Маршал посмотрел на актёра:

– А чёрт его знает!

(В рассказе маршал высказался более определённо.)

Заговорили потом о Ленинграде, Сталинграде, Курской дуге, и на всё был один ответ:

– А чёрт его знает!

Наутро маршал пришёл в себя, ополоснулся, опохмелился и доверительно наклонился к рассказчику:

– Слушай, я вчера, кажется, наговорил чего-то лишнего… Забудь!

Было это или не было, трудно сказать, но для меня, как и для маршала, Москва, Ленинград и Сталинград, в котором я провоевал пять с половиной месяцев, всё же остаются загадками.

Москвичи, пережившие день 16 октября 1941 года, говорят, что город можно было взять голыми руками. Трагические слова Левитана по радио, что «положение создалось угрожающее», и остановившееся внезапно метро, до последнего момента работавшее, как часовой механизм, – деморализовали окончательно. Начался исход, сжигали бумаги, партбилеты, выбрасывали сочинения Ленина и Сталина – город был готов… Немцы остановились у Химок и дальше не пошли.

Мой друг, оборонявший Ленинград, говорил мне: «Были дни, когда немцы могли, перешагнув через наши спящие тела, без единого выстрела войти в город».

В Сталинграде немцы не смогли спихнуть в Волгу дивизию Родимцева, глубина обороны которой была двести метров…

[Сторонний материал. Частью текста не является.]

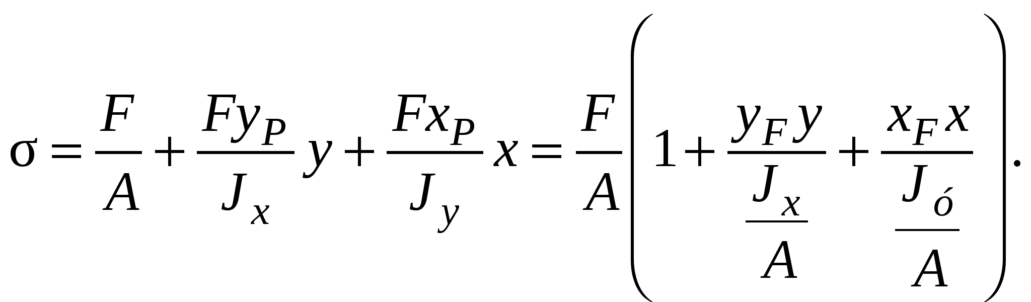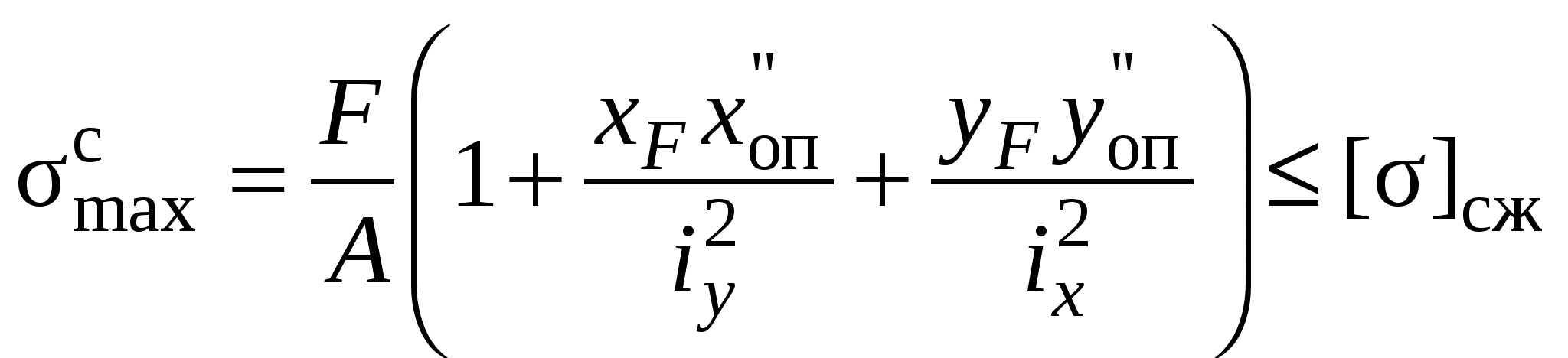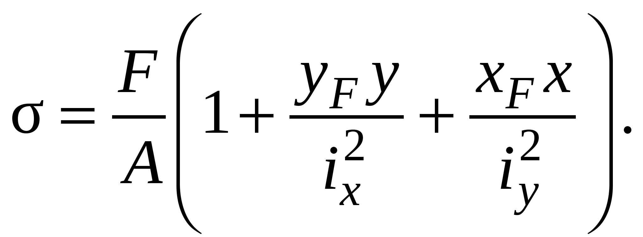 При определении напряжений по формуле величины хF, х, уF, у берутся с учетом их знака относительно координатных осей. В условиях внецентренного сжатия перед правой частью формулы ставится знак минус.
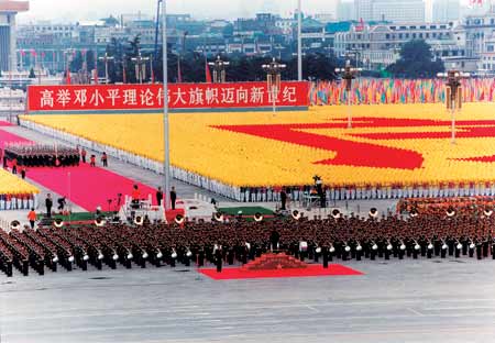 在開國大典那一天,這支年輕的軍樂隊用大部分從敵人手中繳獲的樂器(當天甚至連圓號都沒有),演奏了《東方紅》、《義勇軍進行曲》、《中國人民解放軍進行曲》、《騎兵進行曲》、《青年進行曲》等充滿民族色彩的樂曲,他們連續(xù)站立演奏了近4個小時,直到群眾游行結束。
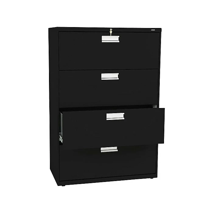- Four-drawer lateral filing cabinet holds letter- or legal-size documents
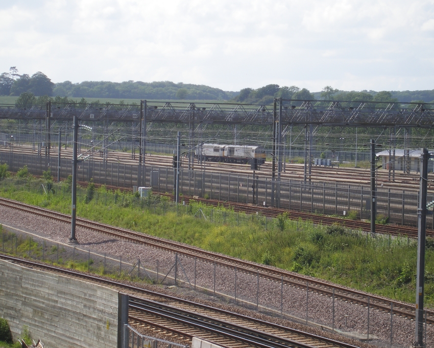 Front to rear in this north westward view: Kent Coast Main Line; "up" HS1 passenger; former Kent Coast Main Line alignment (today, Saltwood East Junction to the Eurotunnel boundary); Dollands Moor Freight Yard. In the background is a Class 56 and 58, wearing the colours of French infrastructure firm "Fertis". In summer 2004, English, Welsh & Scottish Railway announced that a contract had been signed with Fertis for the hire of forty diesel locomotives — 26 Class 56s and 14 Class 58s — to haul infrastructure trains in France in connection with the building of LGV Est to Strasbourg. The diesels started being returned in August 2006 as the project neared completion — the pair seen here would have recently arrived via the Chunnel. © David Glasspool
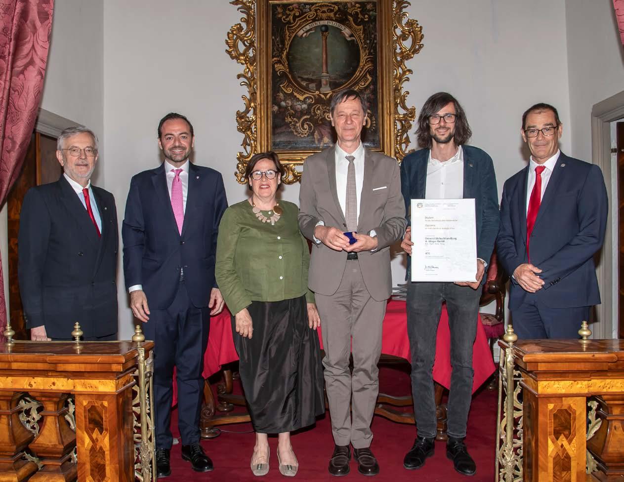 Nell’immagine da sinistra a destra: Il Direttore dell’IRE Georg Lun con la vincitrice e i vincitori Juan Pablo Tassier Calvo, Erica Dal Farra e Felix Alber.
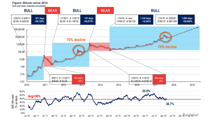 bitcoin market cycles since 2010 | Source: Fundstrat via MarketWatch
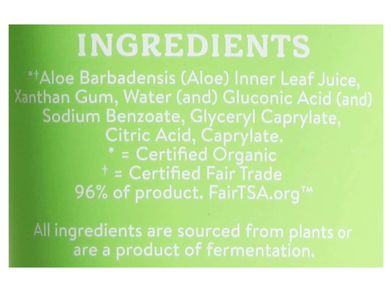 Ingredients: Aloe Barbadensis (Aloe) Juice (Certified Organic) (Certified Fair Trade), Xanthan gum, Water (and) Gluconic Acid (and) Sodium Benzoate, Glyceryl Caprylate, Citric Acid, Caprylate
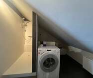 Badkamer met douche, wastafel, aansluiting wasmachine en toilet.
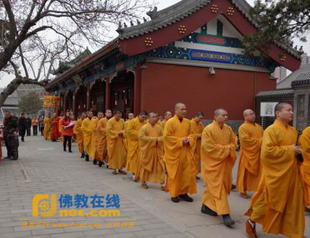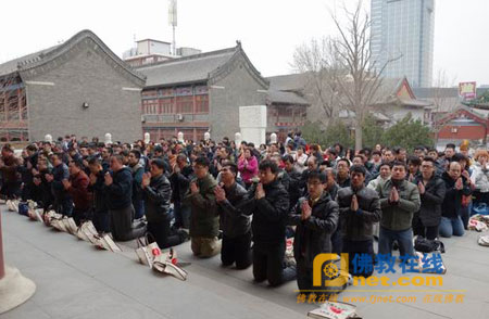 2013年3月23日,天津市大悲禅院隆重举行2013年度第一届皈依法会,一千一百余位在家信众受持了三皈。
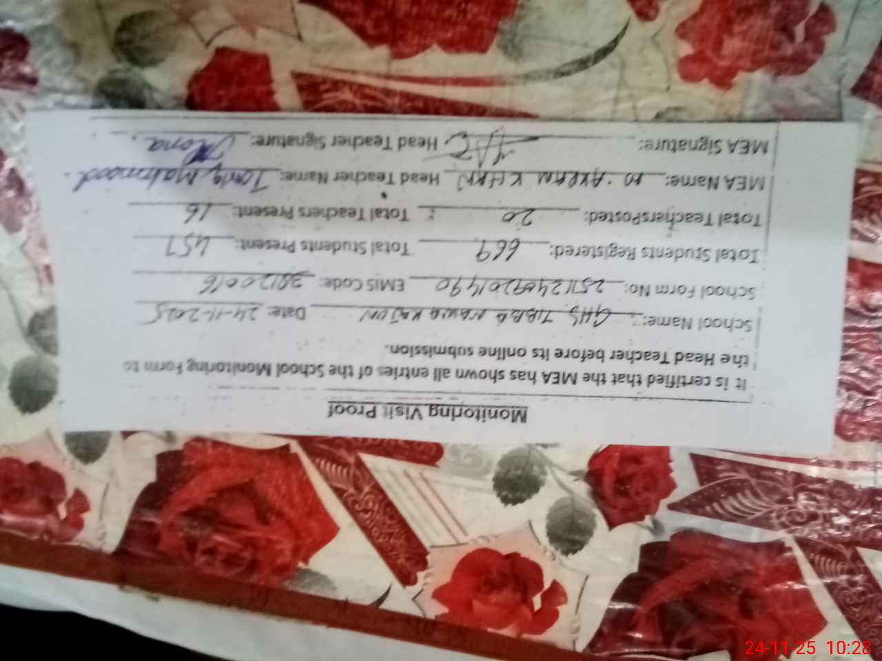 | Certified that this School was Inspected by the Undersigned MEA/DMO Today and the Information Stated Above is as Per Record. | |||||

В сентябре, октябре превосходство немцев было подавляющим. Авиация их господствовала в небе. Пополнение мы получали из одних сопливых детей, стариков да не говорящих по-русски узбеков. Инженерное оборудование – курам на смех: несколько десятков противотанковых и противопехотных мин, спираль Бруно да МЗП – малозаметное препятствие. В батальонах сорок активных штыков казались уже роскошью.

В тридцатую годовщину разгрома немцев я выступал по Сталинградскому телевидению. Озарённый лучами прожекторов, я сидел в кресле в полукилометре от своей бывшей передовой, а ныне – размахивающей мечом восьмидесятиметровой Матери-Родины.

– Расскажите, как вы воевали в те дни, – сказали мне.

Я начал было об этих самых минах и Бруно, о том, что лопат не хватало, воровали друг у друга, но меня перебили:

– Об этом не надо. Лучше о героизме…

Милейшим людям со Сталинградского телевидения невдомёк было – и это через тридцать-то лет! – что в этом и был героизм – ничего нет, а стояли. И выстояли…

Впрочем, и Гитлер со всем своим генералитетом чего-то не додумал. Ведь город, как таковой, фактически был взят. Вокзал, весь центр, на юг почти до Сарепты, на север до завода «Метиз». Осталось несколько вцепившихся в руины заводов и на Мамаевом кургане дивизий – плюнь на них и закрепи оборону – Сталинград, мол, взят, займись другими фронтами…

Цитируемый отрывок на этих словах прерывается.